Really crazy thought: Maybe Hurley's luck in LOST2 has already landed him benevolent membership w the Others?

Yeah, Miles Straume. I thought it was Strohm at first, but I was wrong. So, I'm thinking a cross-out does not necessarily mean death, altho I want it to, to confirm my thoughts on Claire. If we can trust the marks on the cave wall, we can only say that a cross-out certainly means disqualification. Longshot interpretation: Maybe Miles's ability makes him "dead" somehow?

I remember thinking there might be more than one Monster early on in my viewing, but dismissed it. It's a very fun notion... Perhaps the Monster is an evolved/adult form of an infected person? Maybe Esau was the first person to be claimed on the Island, cursed with long life and a dour disposition?

I think that the Others, by virtue of being under Jacob's protection/influence were protected from the Monster, so Others and Esau could cohabitate at the Temple without conflict. The Monster would have his fun with unbaptized newcomers, tho.

This is why Dogen and the Others ash up when Hurley reveals that Jacob is dead. They've lost their Monster immunity.

The poison pill. Part of Dogen's prescription was the patient's consent or willingness to ingest the medicine. Seems like that mental/emotional factor would decide whether the poison would kill Sayid and/or fight the infection. The Others haven't just sliced Sayid up or gunned him down, so maybe an infected individual CAN'T be killed unless he willingly (but unwittingly?) participates in his demise?

I did some rambling on the notion of being claimed in a previous post. I don't think it's a claim by Esau, but by Darkness, which, depending on the individual, might align the infected with Esau's plans.

The little kid, in appearance and manner, really did call to mind a young Jacob. Visible only by Esau and the candidates (those touched by Jacob?)?

I feel like his warning, restating the rule about not being able to kill him, is redundant-dumb if referring to Jacob, so I think he's reminding Esau that Sawyer, and probably all candidates, are off limits.

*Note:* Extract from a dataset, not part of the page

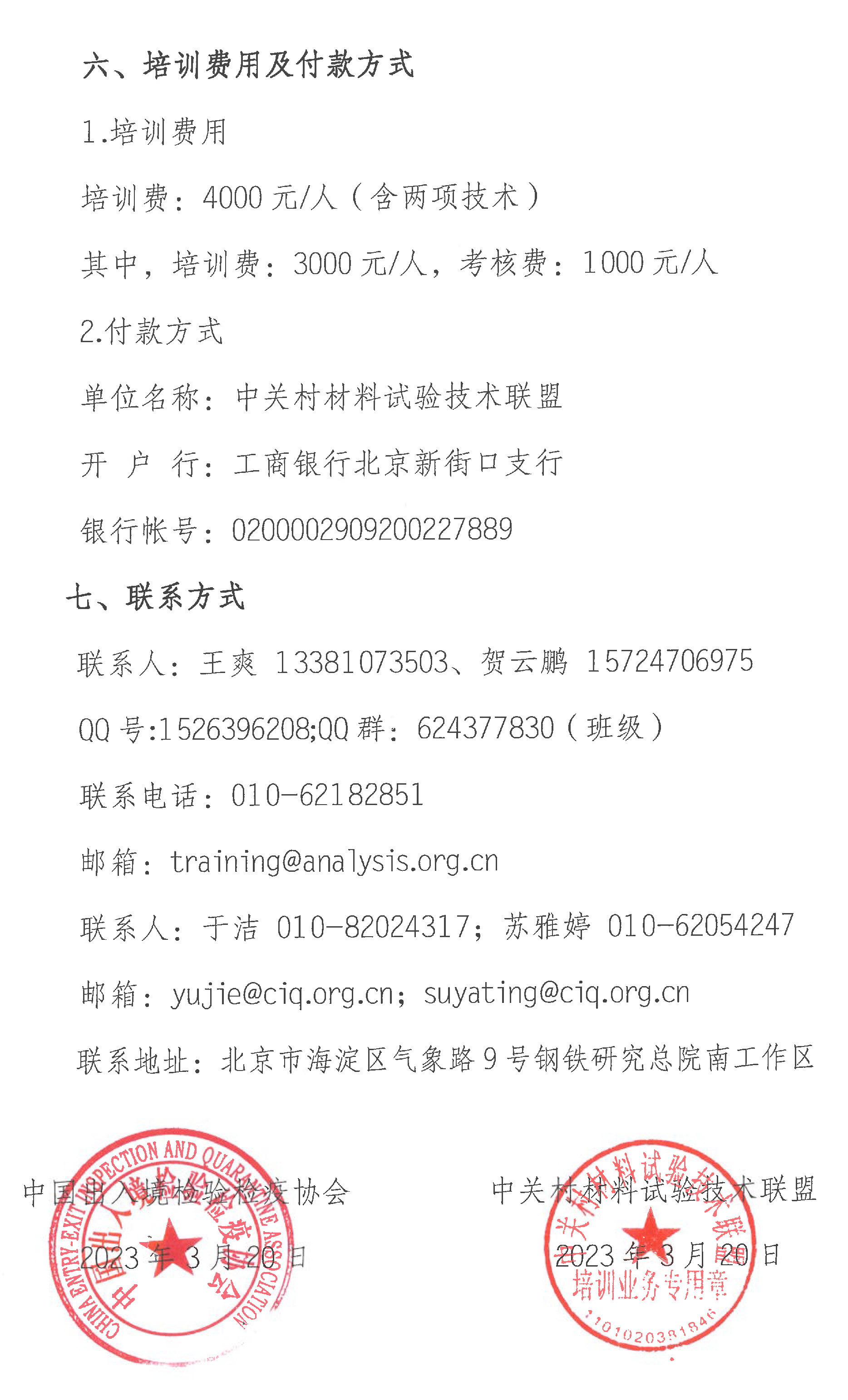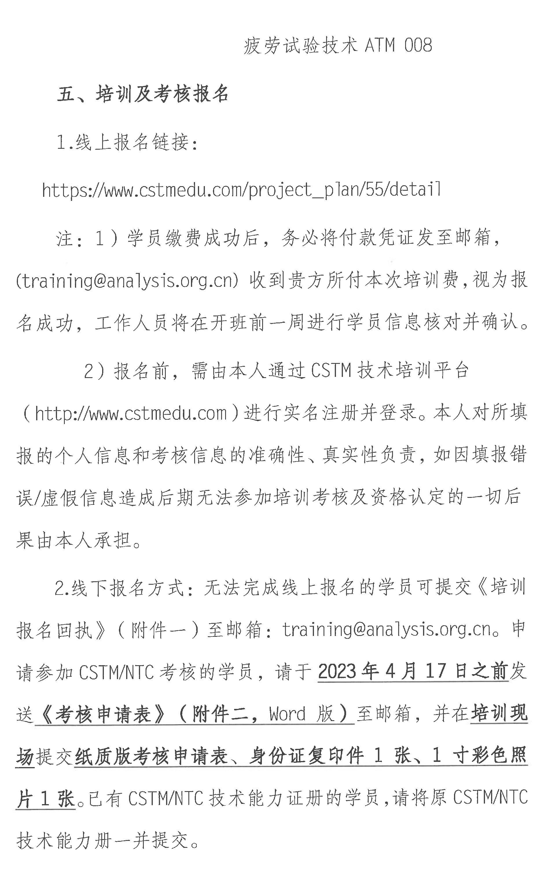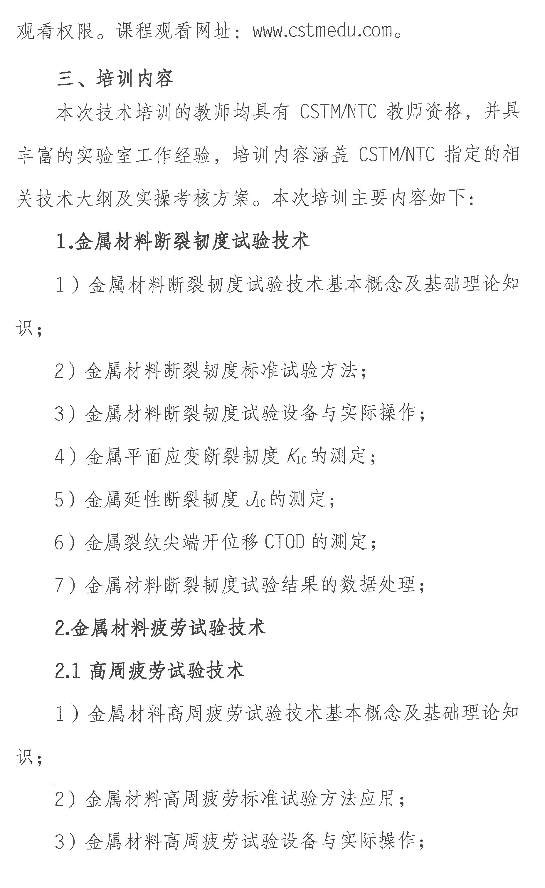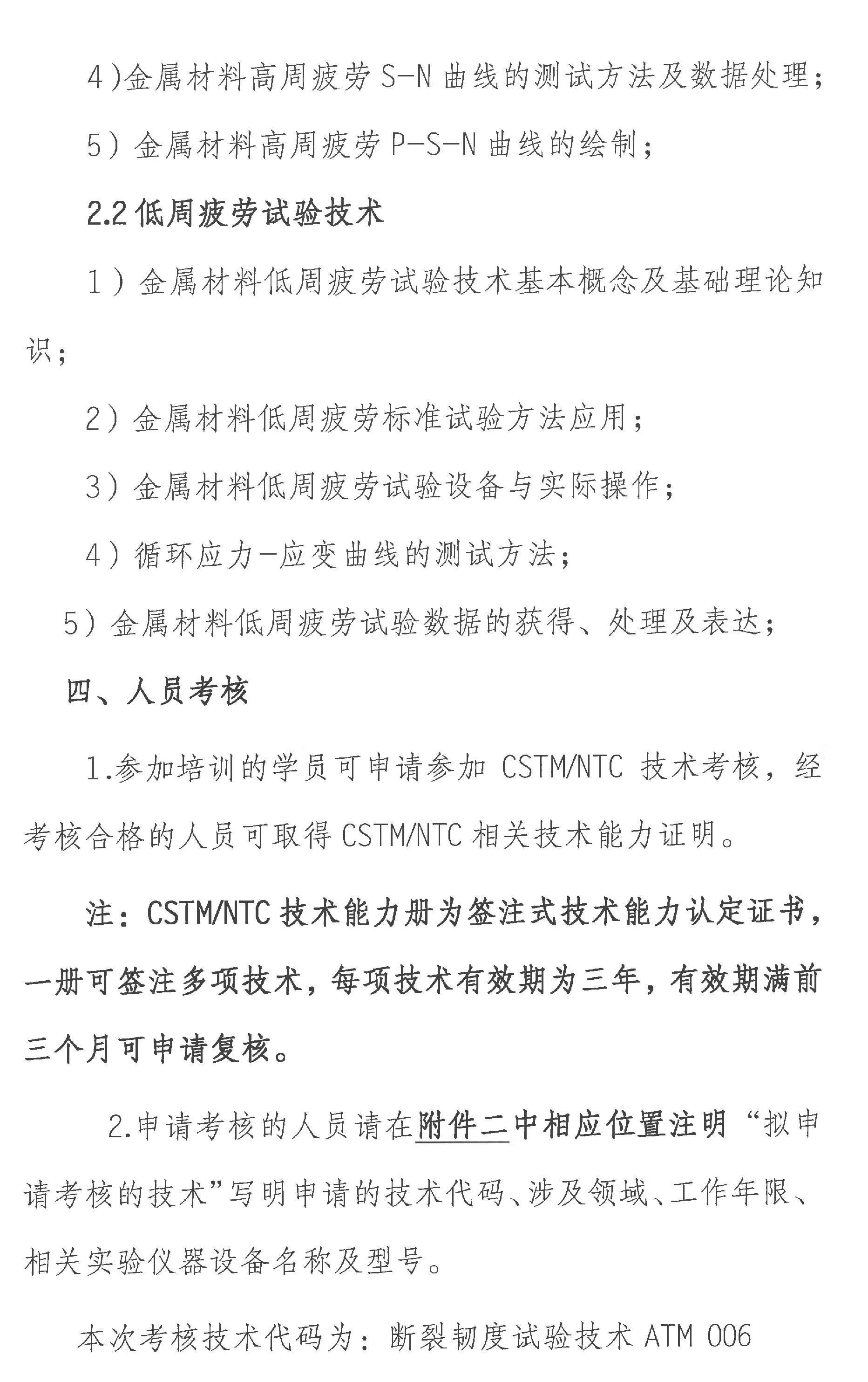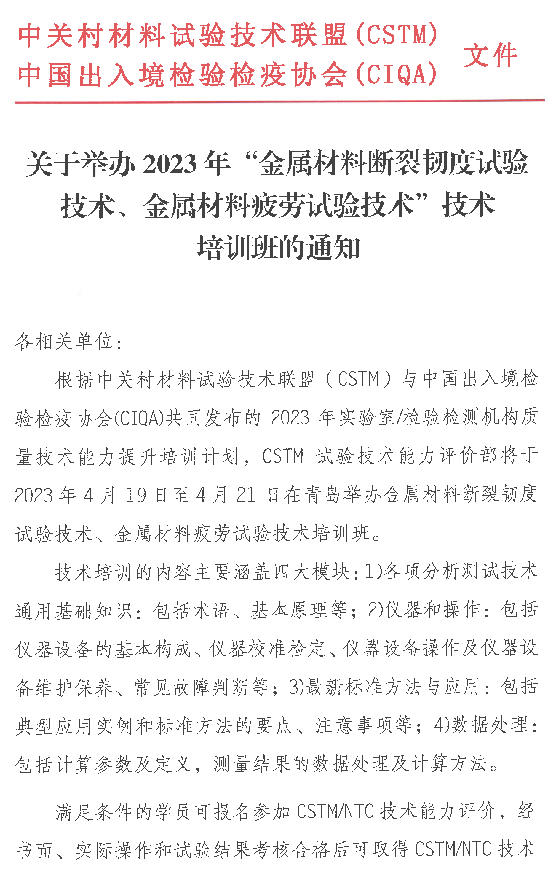 关于举办2023年“金属材料断裂韧度试验技术、金属材料疲劳试验技术”技术培训班的通知

Altho, I wonder if leading a candidate to his death would be allowed, i.e. if Sawyer had fallen off one of those cliff face ladders?

Had a zany thought regarding LOST2's Locke's father. What if Widmore or Richard, settled in the outside world and aware of John's alternate destiny, went ahead and adopted him? =)

Does Richard age naturally off-Island?

Except for the Kateness of the second episode, and, y'know, the usual LOST frustrations, I'm very happy with what we've seen so far.